(Beginning of Dataset records)
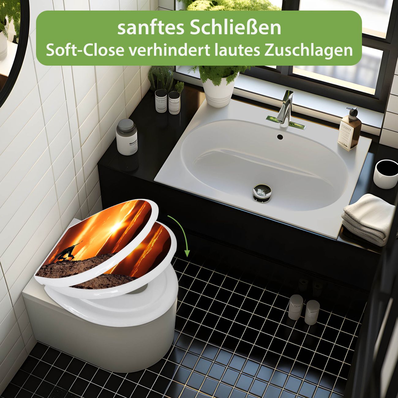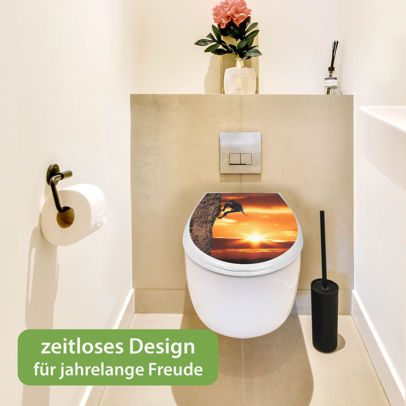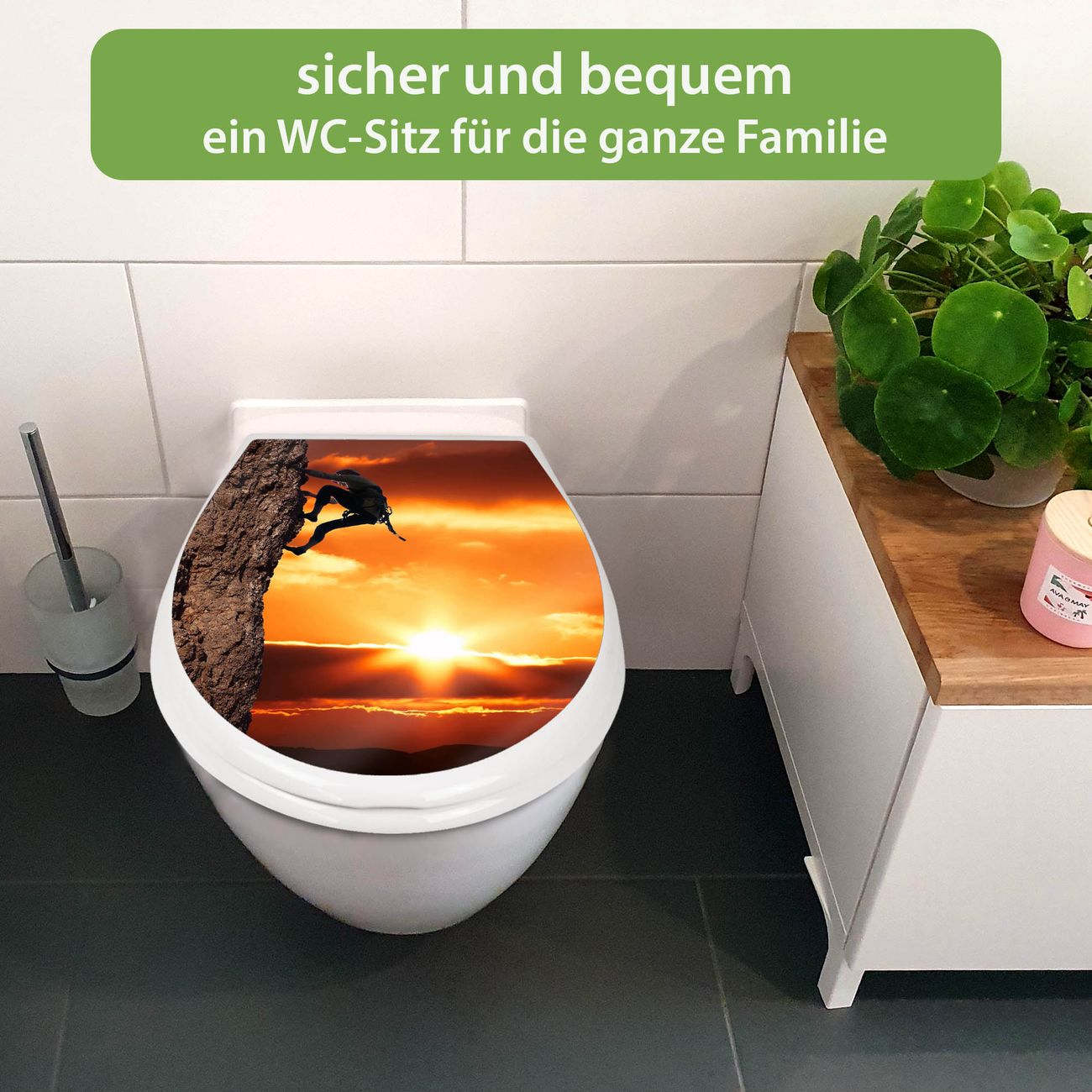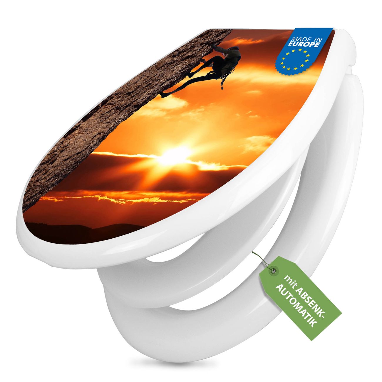 Toilettendeckel weiß mit Absenkautomatik Motiv Bergsteiger
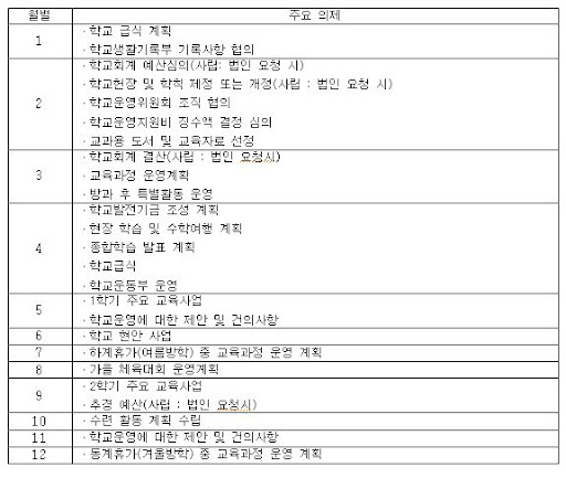 - 학교운영위원회의 회의 소집, 회의록의 작성 및 공개, 의견 수렴, 심의 결과의 시행
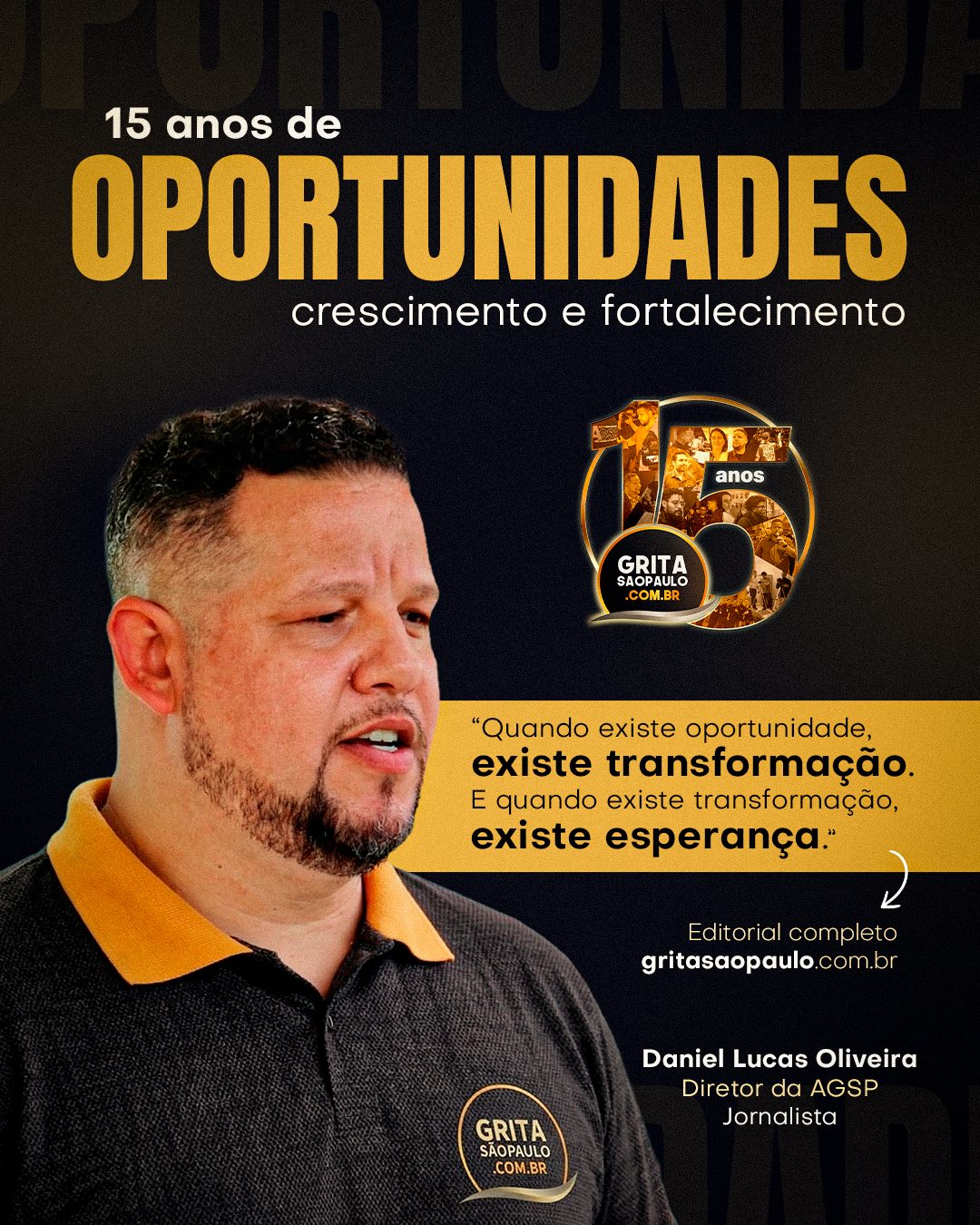 No dia 1º de junho de 2026, a Grita São Paulo completará 15 anos de história. Uma trajetória construída com muito trabalho, fé, desafios, aprendizados e, acima de tudo, oportunidades.
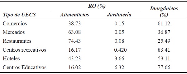 De acuerdo con los resultados, el número total de UECS con potencial generador de RO, registradas en el Directorio DENUE a inicios del 2016, fueron 163 129; lo que representa 39.27% del total. Conforme a las proyecciones de JICA/GDF (1999, p. 45) para el año 2010, se aplicaron los porcentajes de las unidades t/año al total de UECS registradas al primer bimestre de 2016, para obtener una estimación de los RO generados para este trabajo, la cual fue de 14 155 t/d para las 16 delegaciones de la capital.
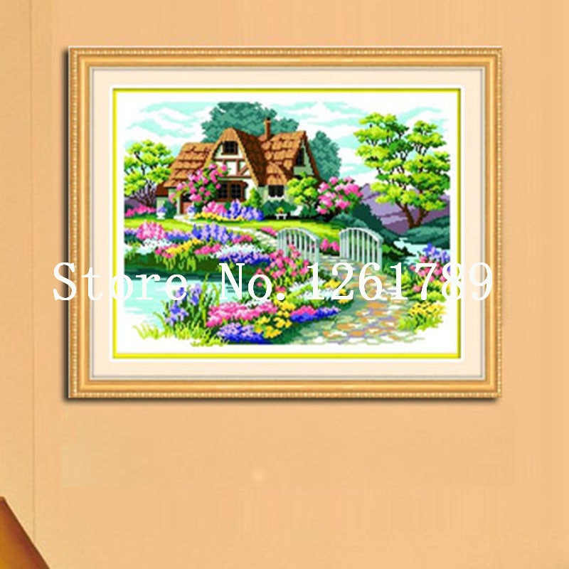 Nagykereskedelmi Kézimunka 100% Pontos Nyomtatott Barkács Kereszt Öltés Készlet Hímzés Fal Dekoráció Gyönyörű Házikert
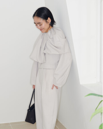 今回は、オケージョンにも活躍するケープセットプルオーバーとコクーンパンツをラインアップ。
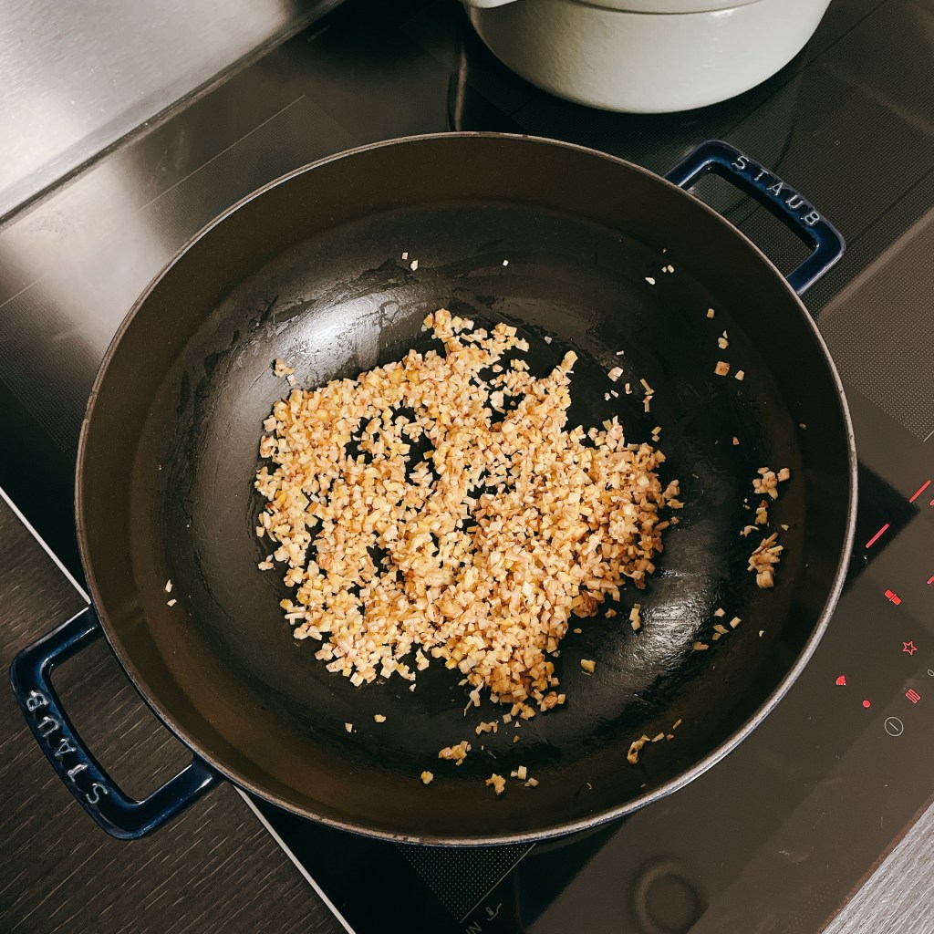 我用的是STAUB 28公分鑄鐵炒鍋,這道料理不一定要用鑄鐵鍋續熱效果、但一定要用夠深夠寬的中華炒鍋才比較好翻炒喔!
(End of Dataset records)
◆ Work required:
Quote the entries above word for word. Leave the images out.

◆ Written answer:
 Toilettendeckel weiß mit Absenkautomatik Motiv Bergsteiger
 - 학교운영위원회의 회의 소집, 회의록의 작성 및 공개, 의견 수렴, 심의 결과의 시행
 No dia 1º de junho de 2026, a Grita São Paulo completará 15 anos de história. Uma trajetória construída com muito trabalho, fé, desafios, aprendizados e, acima de tudo, oportunidades.
 De acuerdo con los resultados, el número total de UECS con potencial generador de RO, registradas en el Directorio DENUE a inicios del 2016, fueron 163 129; lo que representa 39.27% del total. Conforme a las proyecciones de JICA/GDF (1999, p. 45) para el año 2010, se aplicaron los porcentajes de las unidades t/año al total de UECS registradas al primer bimestre de 2016, para obtener una estimación de los RO generados para este trabajo, la cual fue de 14 155 t/d para las 16 delegaciones de la capital.
 Nagykereskedelmi Kézimunka 100% Pontos Nyomtatott Barkács Kereszt Öltés Készlet Hímzés Fal Dekoráció Gyönyörű Házikert
 今回は、オケージョンにも活躍するケープセットプルオーバーとコクーンパンツをラインアップ。
 我用的是STAUB 28公分鑄鐵炒鍋,這道料理不一定要用鑄鐵鍋續熱效果、但一定要用夠深夠寬的中華炒鍋才比較好翻炒喔!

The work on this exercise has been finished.